> _Data supplied_:
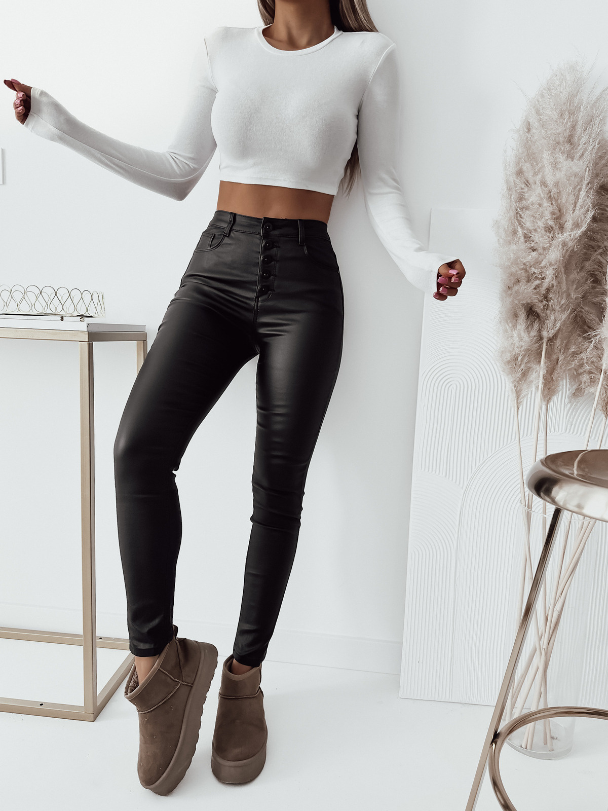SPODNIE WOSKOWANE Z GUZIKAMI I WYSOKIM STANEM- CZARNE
==
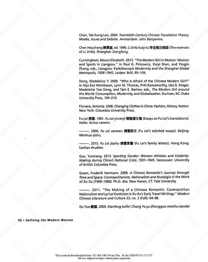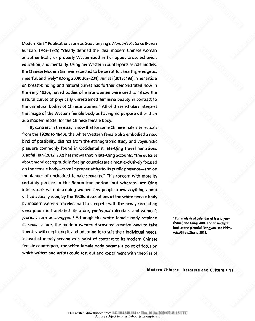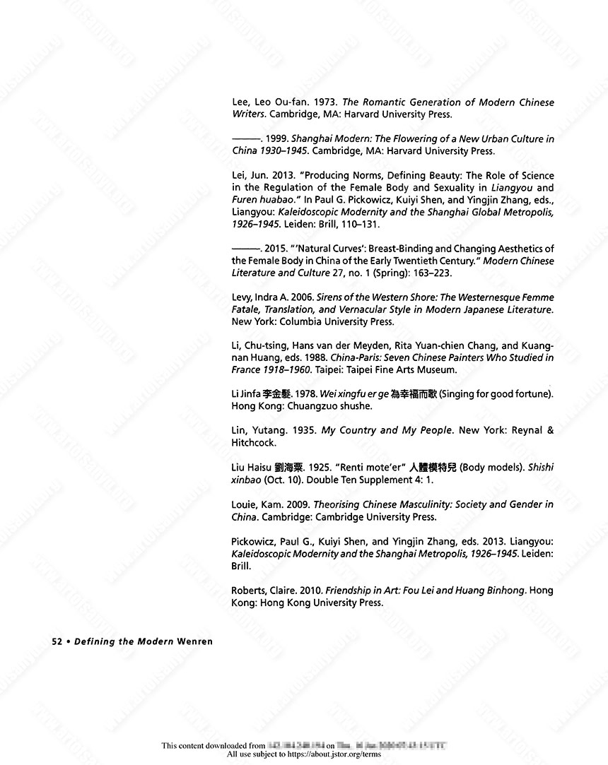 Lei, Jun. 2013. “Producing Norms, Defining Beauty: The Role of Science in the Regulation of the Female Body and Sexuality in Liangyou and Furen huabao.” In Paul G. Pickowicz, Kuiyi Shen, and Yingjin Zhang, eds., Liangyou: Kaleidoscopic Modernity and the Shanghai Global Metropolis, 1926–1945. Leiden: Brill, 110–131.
--
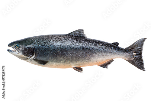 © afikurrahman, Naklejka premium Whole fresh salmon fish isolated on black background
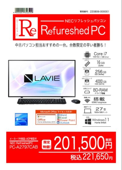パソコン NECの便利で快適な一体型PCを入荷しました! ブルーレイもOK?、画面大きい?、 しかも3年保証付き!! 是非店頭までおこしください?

> _Task requirements_: Out of the records above, return only the lines from the one with "on black background" through the one with "パソコン NECの便利で快適な一体型PCを入荷しました! ブルーレイもOK?、画面大きい?、", exactly, and none of the pictures.

> _Result of the exercise_:
 © afikurrahman, Naklejka premium Whole fresh salmon fish isolated on black background
パソコン NECの便利で快適な一体型PCを入荷しました! ブルーレイもOK?、画面大きい?、 しかも3年保証付き!! 是非店頭までおこしください?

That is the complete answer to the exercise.